Comparing two definitions of pediatric complexity among children cared for in general and pediatric emergency departments in a statewide sample

Sriram Ramgopal, Julia A. Heneghan

Research output: Contribution to journalArticlepeer-review

1 Scopus citations


Objective: The number of children cared for in emergency departments (EDs) with medical complexity continues to rise. We sought to identify the concordance between 2 commonly used criteria of medical complexity among children presenting to a statewide sample of EDs. Methods: We conducted a retrospective cross-sectional study of children presenting to a statewide sample of Illinois EDs between 2016 and 2021. We classified patients as having medical complexity when using 2 definitions (≥1 pediatric Complex Chronic Condition [CCC] or complex chronic disease using the Pediatric Medical Complexity Algorithm [PMCA]) and compared their overlap and clinical outcomes.
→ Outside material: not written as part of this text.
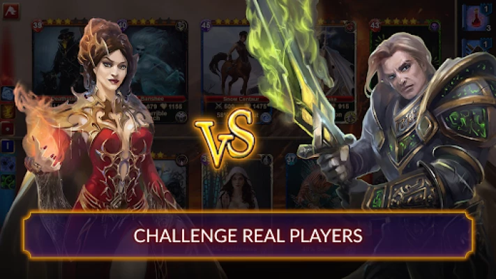 Step into a dark TCG war game. Select your clan of heroes and build a formidable deck for epic duels. Tailor characters to enhance combat tactics and summon powerful heroes. Follow your path into a mesmerizing realm of fantasy while engaging in thrilling PVP & PVE battles.

Results: Of 6,550,296 pediatric ED encounters, CCC criteria and PMCA criteria were met in 217,609 (3.3%) and 175,708 (2.7%) encounters, respectively. Among patients with complexity, 100,015 (34.1%) met both criteria, with moderate agreement (κ = 0.49). Children with complexity by CCC had similar rates of presentation to a pediatric hospital (16.3% vs 14.8%), admission (28.5% vs 33.7%), ICU stay (10.0% vs 10.1%), and in-hospital mortality (0.5% vs 0.5%) compared to children with complexity by PMCA. The most common visit diagnoses for children with CCCs were related to sickle cell disease with crisis (3.9%), abdominal pain (3.6%), and non-specific chest pain (2.7%). The most common diagnoses by PMCA were related to depressive disorders (4.9%), sickle cell disease with crisis (4.8%), and seizures (3.2%). Conclusions and Relevance: The CCC and PMCA criteria of multisystem complexity identified different populations, with moderate agreement. Careful selection of operational definitions is required for proper application and interpretation in clinical and health services research.

Original languageEnglish (US)
Article numbere12950
JournalJournal of the American College of Emergency Physicians Open
Issue number3
StatePublished - Jun 2023

Bibliographical note

Funding Information:
and support: By JACEP Open policy, all authors are required to disclose any and all commercial, financial, and other relationships in any way related to the subject of this article as per ICMJE conflict of interest guidelines (see The authors have stated that no such relationships existWe thank the Illinois Health and Hospital Association for the provision of data used in this study. Sriram Ramgopa is sponsored by PEDSnet (Department of Pediatrics, Northwestern University Feinberg School of Medicine). Sriram Ramgopal is funded by PEDSnet (Department of Pediatrics, Ann and Robert H Lurie Children's Hospital, Chicago IL).

Publisher Copyright:
© 2023 The Authors. JACEP Open published by Wiley Periodicals LLC on behalf of American College of Emergency Physicians.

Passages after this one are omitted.